# [TASK STATEMENT]
An exact restatement of the data below, with the pictures removed, is the required answer.

• • • • •

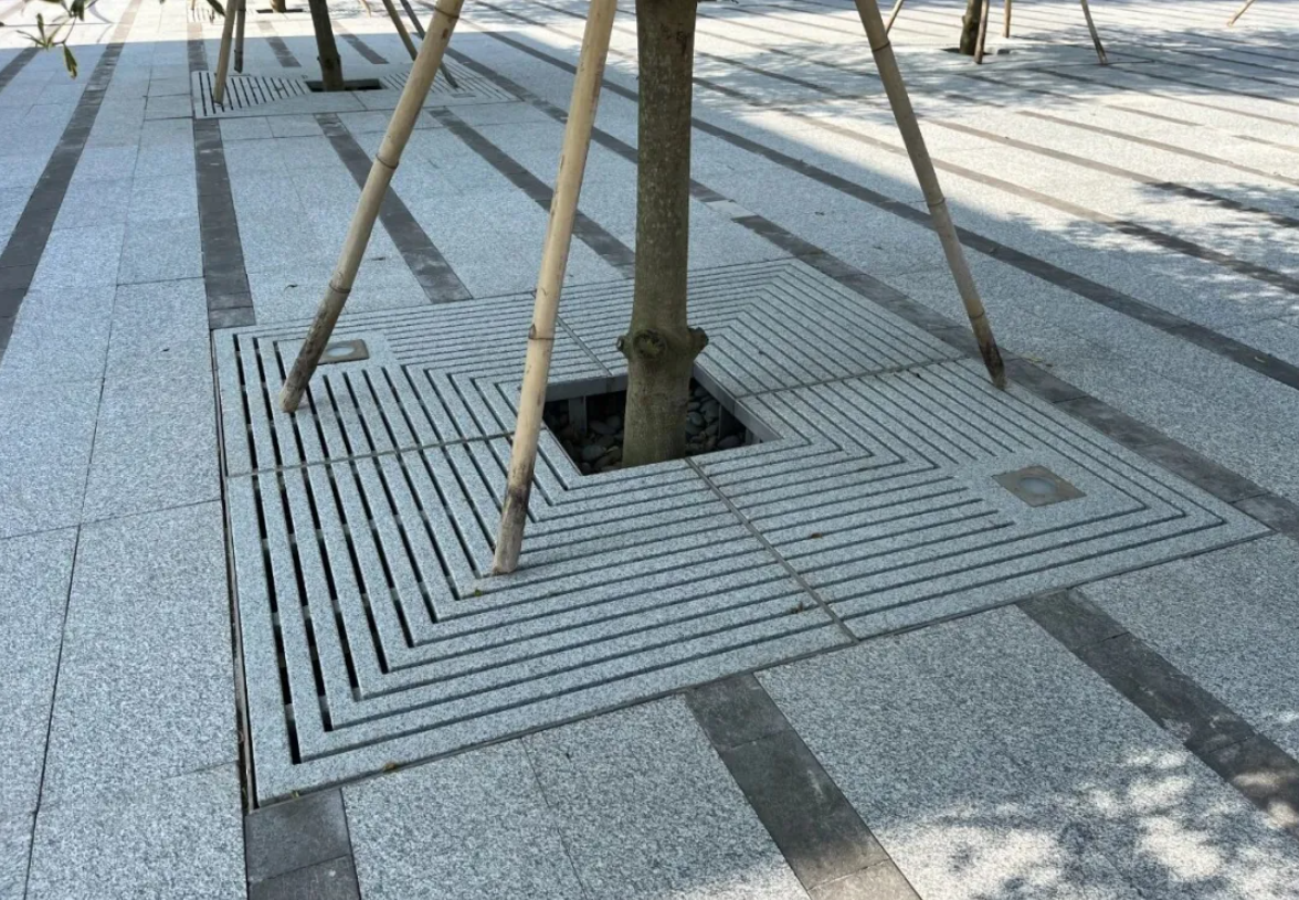 盖板表面特有的防滑处理与边缘圆角设计,不仅提升了雨天行走的安全性,还完美融入公园的苏州园林风格,成为景观的有机组成部分。这种设计恰恰与沙特达曼公园的波斯湾环境高度相似——两者均处于高盐度海滨地带;身处户外,面临盐雾腐蚀、高温高湿的共同挑战且同属于正方形的盖板形状。但海心公园的树洞盖板通过材料创新实现了长效稳定,从根本上杜绝了频繁更换的维护负担,为达曼公园提供了经过实践验证的可靠解决方案。
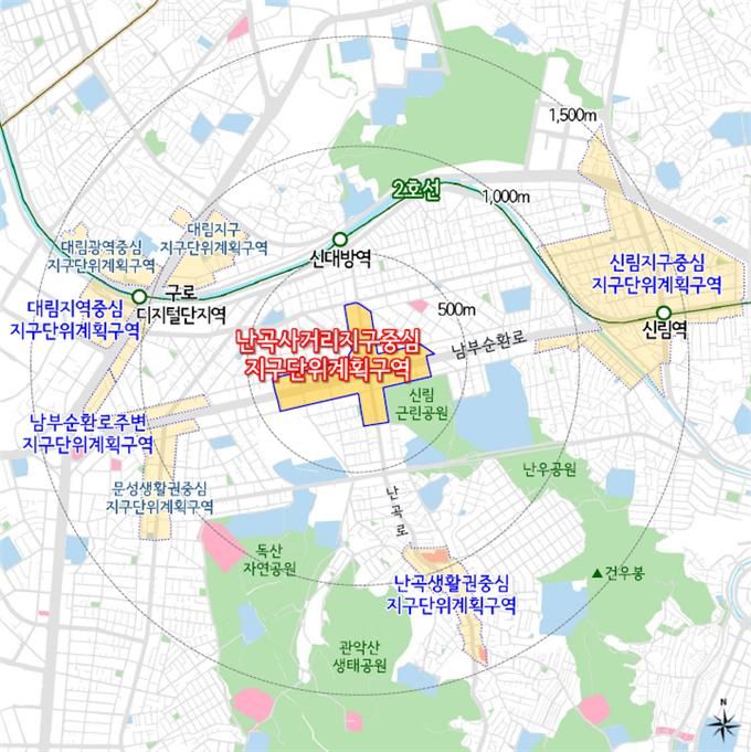 서울 관악구 서측에 위치한 난곡사거리지구중심은 관악구의 주요 교통축인 남부순환로에 위치해 있다. 가산·대림광역중심과 봉천지역중심 등 서남권 주요 중심지와의 접근성이 좋고, 향후 난곡선 개통 시 여의도 도심과의 접근성도 향상될 예정으로 입지적 경쟁력이 풍부한 지역이다. 시는 이 같은 잠재력을 바탕으로 지구중심의 자족도시기능 강화 및 난곡선 예정 역세권 활성화를 위해 지구단위계획 재정비를 추진했다는 설명이다.
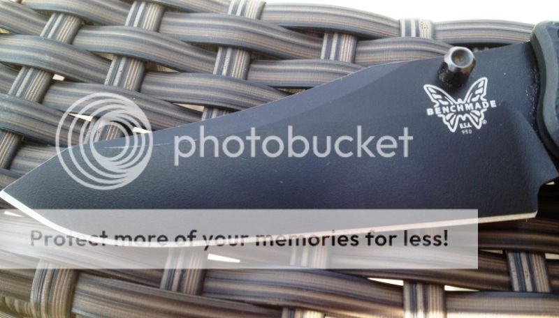 Black G10 handle and black, PE blade with 154CM steel. Knife is lightly used and well-cared for. There are a few, faint scratches near blade tip. Handle is in perfect shape. Perfect centering, no blade play. This comes with a generic Benchmade box.
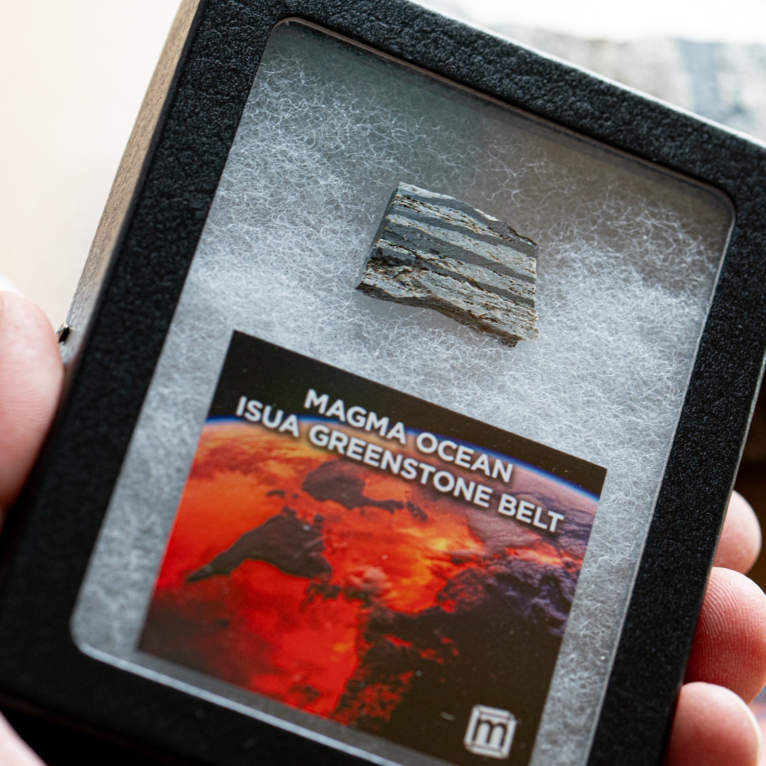 This specimen is a piece of rock from the Isua Greenstone Belt in Greenland. Within this formation are some of the earliest traces of Earth, from the time our planet was covered in fire. First appearing in the Fifth Edition, we're excited to debut the Magma Ocean as a solo specimen!
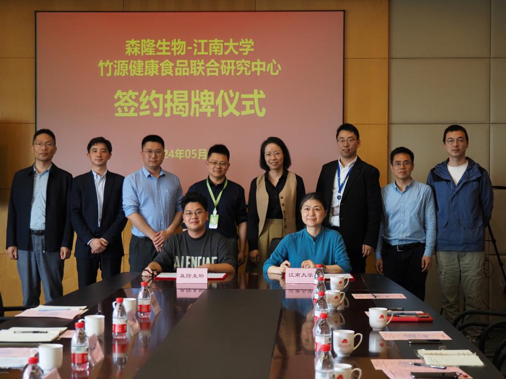 5月6日,“森隆生物-江南大学竹源健康食品联合研究中心”签约揭牌仪式在江南大学食品学院顺利举行。四川森隆生物科技有限公司(以下简称“森隆生物”)总经理严一崴、副总经理曾剑飞、行政总监周琪、研发经理唐方华,江南大学食品学院党委书记傅莉莉、副院长翟齐啸及陈洁、何志勇、曾茂茂教授和陈秋铭副研究员等出席活动。签约仪式由翟齐啸主持。
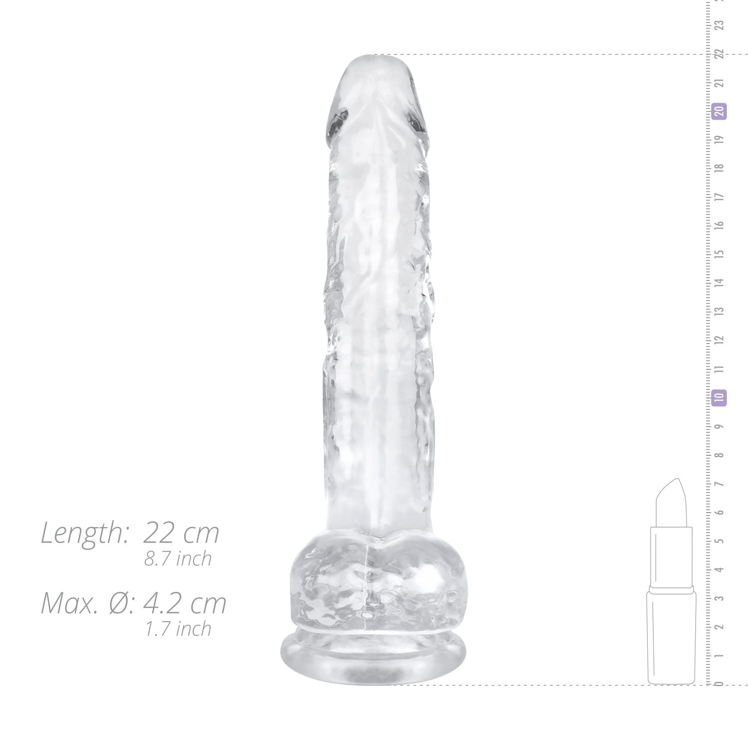 Denna transparenta jellydildo kombinerar en realistisk design med ett mjukt och följsamt material som gör användningen både enkel och njutbar. Den tydliga ollonformen och de markerade ådrorna ger en verklighetstrogen känsla, medan pungen vid basen gör upplevelsen ännu mer autentisk.
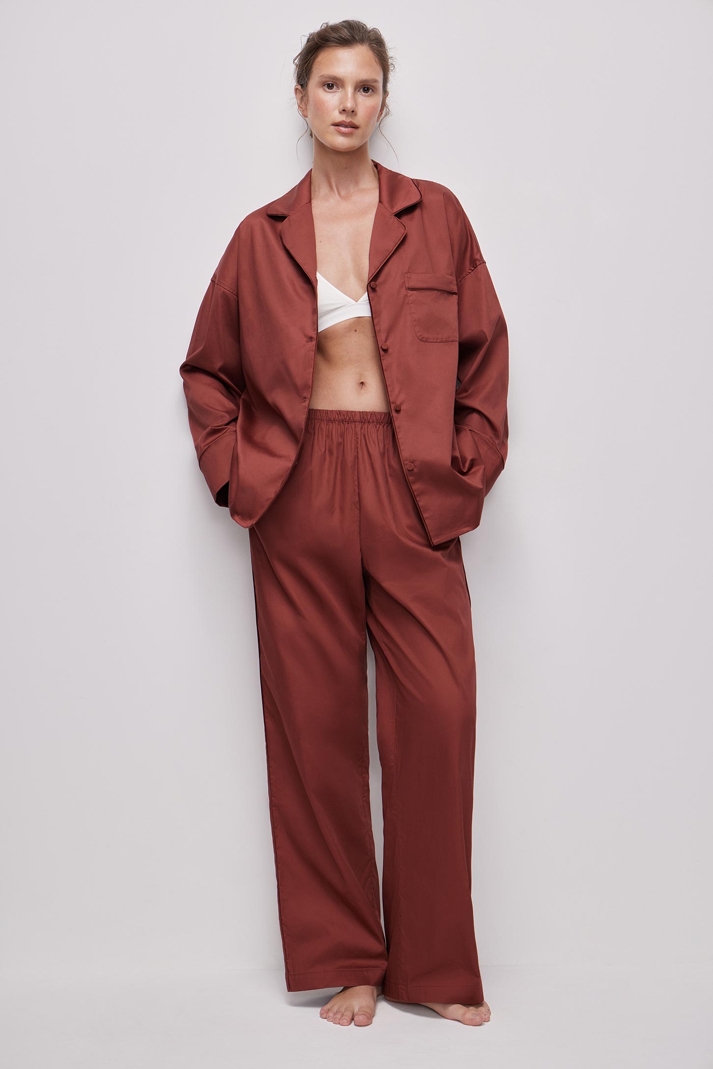 Пижамные брюки прямого силуэта с посадкой на линии талии. Пояс на мягкой резинке обеспечивает комфортную посадку изделия на разные типы фигур. Модель разработана с карманами в боковых швах. Брюки декорированы контрастным кантом по боковым швам.
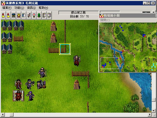 2:开局其他人向下,6回合的时候到达山口.第7回合,第8回合,继续向下,其中世鬼要连用两次快步,堵住敌军向城内进军的路线.到16回合左右第一批敌军全部消灭,并引出左上的敌援军.然后福原独自向左上行走对付敌援军(重要,如福原把他们引下来,暂时经验会多些,但是运输道具的路线会被堵塞,恢复酒会不够,也不能保证福原能攻击到最后一回合),其他人进军中间的小岛,岛上上方鹿砦的弓兵留着,让口羽反击到结束.剩余的人直奔敌主营.
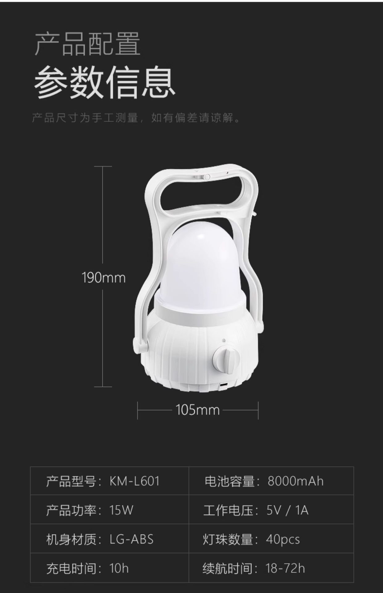 • 8000mAh 흰색 배터리 수명 12~72시간
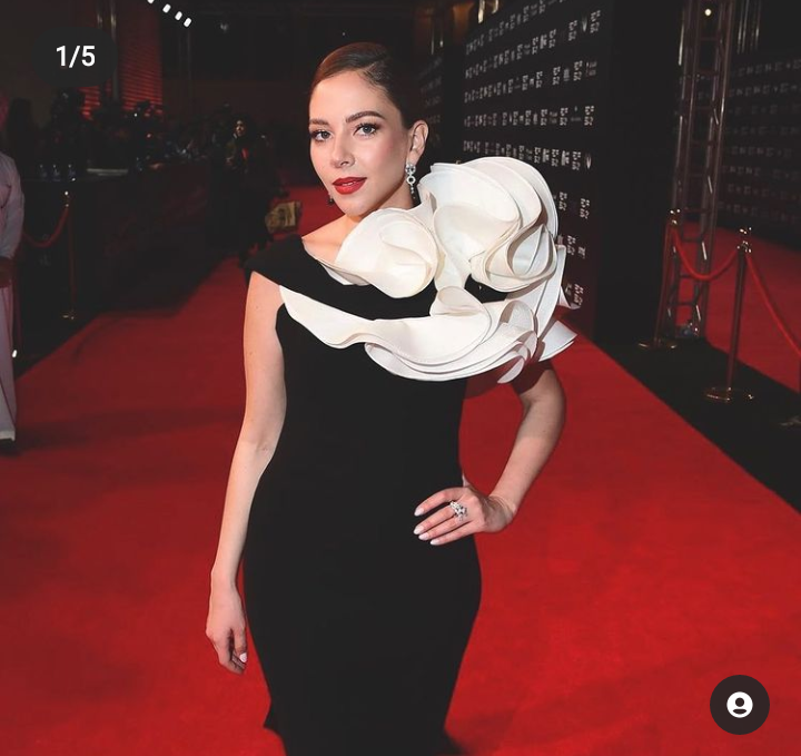 تألقت فاطمة البنوي بفُستان من تصميم روان كتوعه، على السجادة الحمراء بمهرجان البحر الأحمر السينمائي الدولي، الفُستان يكسوه اللون الأسود وقطعة من التول المُطرز بالأسود مُنسدلة من الظهر بطول يجعلها كالملكة، وزين الفُستان وردة كبيرة كل كتفها باللون الأبيض في تصميم مُختلف ومُميز.

• • • • •

# [REPLY]
 盖板表面特有的防滑处理与边缘圆角设计,不仅提升了雨天行走的安全性,还完美融入公园的苏州园林风格,成为景观的有机组成部分。这种设计恰恰与沙特达曼公园的波斯湾环境高度相似——两者均处于高盐度海滨地带;身处户外,面临盐雾腐蚀、高温高湿的共同挑战且同属于正方形的盖板形状。但海心公园的树洞盖板通过材料创新实现了长效稳定,从根本上杜绝了频繁更换的维护负担,为达曼公园提供了经过实践验证的可靠解决方案。
 서울 관악구 서측에 위치한 난곡사거리지구중심은 관악구의 주요 교통축인 남부순환로에 위치해 있다. 가산·대림광역중심과 봉천지역중심 등 서남권 주요 중심지와의 접근성이 좋고, 향후 난곡선 개통 시 여의도 도심과의 접근성도 향상될 예정으로 입지적 경쟁력이 풍부한 지역이다. 시는 이 같은 잠재력을 바탕으로 지구중심의 자족도시기능 강화 및 난곡선 예정 역세권 활성화를 위해 지구단위계획 재정비를 추진했다는 설명이다.
 Black G10 handle and black, PE blade with 154CM steel. Knife is lightly used and well-cared for. There are a few, faint scratches near blade tip. Handle is in perfect shape. Perfect centering, no blade play. This comes with a generic Benchmade box.
 This specimen is a piece of rock from the Isua Greenstone Belt in Greenland. Within this formation are some of the earliest traces of Earth, from the time our planet was covered in fire. First appearing in the Fifth Edition, we're excited to debut the Magma Ocean as a solo specimen!
 5月6日,“森隆生物-江南大学竹源健康食品联合研究中心”签约揭牌仪式在江南大学食品学院顺利举行。四川森隆生物科技有限公司(以下简称“森隆生物”)总经理严一崴、副总经理曾剑飞、行政总监周琪、研发经理唐方华,江南大学食品学院党委书记傅莉莉、副院长翟齐啸及陈洁、何志勇、曾茂茂教授和陈秋铭副研究员等出席活动。签约仪式由翟齐啸主持。
 Denna transparenta jellydildo kombinerar en realistisk design med ett mjukt och följsamt material som gör användningen både enkel och njutbar. Den tydliga ollonformen och de markerade ådrorna ger en verklighetstrogen känsla, medan pungen vid basen gör upplevelsen ännu mer autentisk.
 Пижамные брюки прямого силуэта с посадкой на линии талии. Пояс на мягкой резинке обеспечивает комфортную посадку изделия на разные типы фигур. Модель разработана с карманами в боковых швах. Брюки декорированы контрастным кантом по боковым швам.
 2:开局其他人向下,6回合的时候到达山口.第7回合,第8回合,继续向下,其中世鬼要连用两次快步,堵住敌军向城内进军的路线.到16回合左右第一批敌军全部消灭,并引出左上的敌援军.然后福原独自向左上行走对付敌援军(重要,如福原把他们引下来,暂时经验会多些,但是运输道具的路线会被堵塞,恢复酒会不够,也不能保证福原能攻击到最后一回合),其他人进军中间的小岛,岛上上方鹿砦的弓兵留着,让口羽反击到结束.剩余的人直奔敌主营.
 • 8000mAh 흰색 배터리 수명 12~72시간
 تألقت فاطمة البنوي بفُستان من تصميم روان كتوعه، على السجادة الحمراء بمهرجان البحر الأحمر السينمائي الدولي، الفُستان يكسوه اللون الأسود وقطعة من التول المُطرز بالأسود مُنسدلة من الظهر بطول يجعلها كالملكة، وزين الفُستان وردة كبيرة كل كتفها باللون الأبيض في تصميم مُختلف ومُميز.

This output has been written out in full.